Acoustic emission testing has been used in structural integrity assessment — pressure vessels, weld inspection, aerospace components — since the 1960s. Its application to rotating machinery condition monitoring is more recent, and for most reliability engineers in heavy industry, it remains less familiar territory than vibration analysis or oil sampling. That's worth correcting, because AE is genuinely one of the earlier-detecting technologies available for bearing and gear defects, and the barrier to understanding it is lower than it might appear.

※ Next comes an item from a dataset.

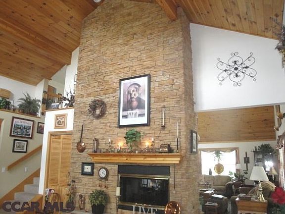 Situated on a pristine lot this gorgeous custom built home has so much to offer. 25' Tounge and Grove ceiling, two sided gas fireplace that can be viewed from the Dining Area and the Living room with a 2 story stone fireplace. Master bedroom suite includes loft type media room looking down to the living room, dressing room, laundry and bath. 2/12 car attached garage with access to the basement. 8'x 90' of covered porch with 3 ceiling fans and a outdoor kitchen with SS exhaust hood. Enjoy the stream flowing right off the porch. Also a 30'x40' detached workshop that is a hobbyist dream with all the goodies including exhaust system, water, sewer, a separate sub panel, 2 10' garage doors. Heated with propane and well insulated. Call today to see this truly unique property with so much to offer.

This article covers the physics, the practical deployment realities, and what AE can and cannot detect. No lab equipment required — this is written for the reliability engineer deciding whether to add AE to their condition monitoring toolkit, not for the NDT specialist.
What Acoustic Emission Actually Is
When material undergoes rapid localized stress release — a crack propagating, a contact fatigue spall initiating, metal-to-metal asperity contact under inadequate lubrication — it releases energy in the form of elastic stress waves. These waves propagate through the material at the speed of sound and can be detected at the component surface by a sensor sensitive to the appropriate frequency range.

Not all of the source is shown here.